The US dollar suffered from Trump’s first days in office. However, things might not continue this way.

Here is their view, courtesy of eFXnews:

We entered 2017 with long USD positioning seemingly much less extreme than was the case at the start of 2015 and 2016. As such, the decline in the dollar on the narrow DXY Index since the start of the year is slightly surprising. Yet when we look at the strength of various cross-market correlations and the extent to which they have tightened further since Mr Trump’s election victory, the fall-back in the dollar appears much less surprising.

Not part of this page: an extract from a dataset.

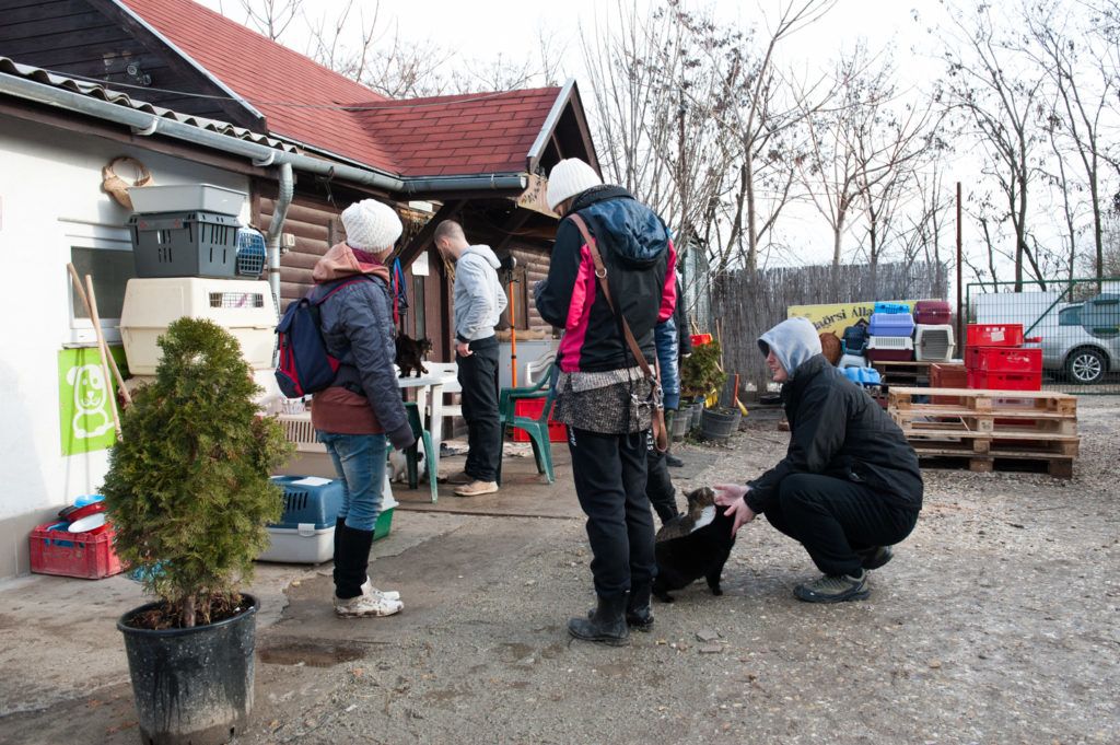 Hétvégenként olykor 30-40 ember is jön sétáltatni, de gyakran fogadnak nagyobb csoportokat is. Mostanában egyre nagyobb divat, hogy céges csapatépítés keretén belül jönnek segíteni, de rendszeresen vannak iskolás csoportjaik is. Most épp egy népes egyetemista csapat érkezett, amerikai diákok, akik a Corvinus Egyetemen hallgattak egy szemesztert, és most, a hazautazás előtt pár nappal, még kijöttek ide segíteni.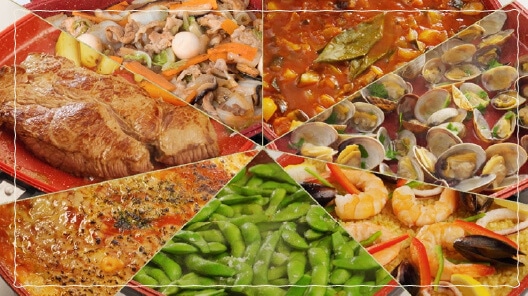 フレーバーストーン双子パンは、焼く、炒める、煮る、蒸す、炊く、ゆでる、オーブン風調理までできる1台7役の万能フライパンです。ハンバーグやラザニア、イカの丸焼きなど、多様な料理を手早く簡単に!料理のバリエーションがぐっと広がります。

In particular, while long USD positioning may not have started the year anywhere near record extremes, short US rates market positioning certainly has. US yields have been on a downwards drift since mid-December while the dollar continued to advance into year-end. With a (variable) time lag, it is the volatility in bond yields that has by and large led FX market volatility and, broadly speaking, makes the scale of the dollar’s decline quite readily justified.

Yield volatility will remain a key dollar FX factor this years, in which respect we’d note it doesn’t necessarily need ‘Trump-enomics’ to support higher yields and a stronger dollar if – as the Fed is suggesting – the US economy is already operating close to full capacity and the Fed’s inflation mandate almost met. Anything Trump does may simply add to upside risks.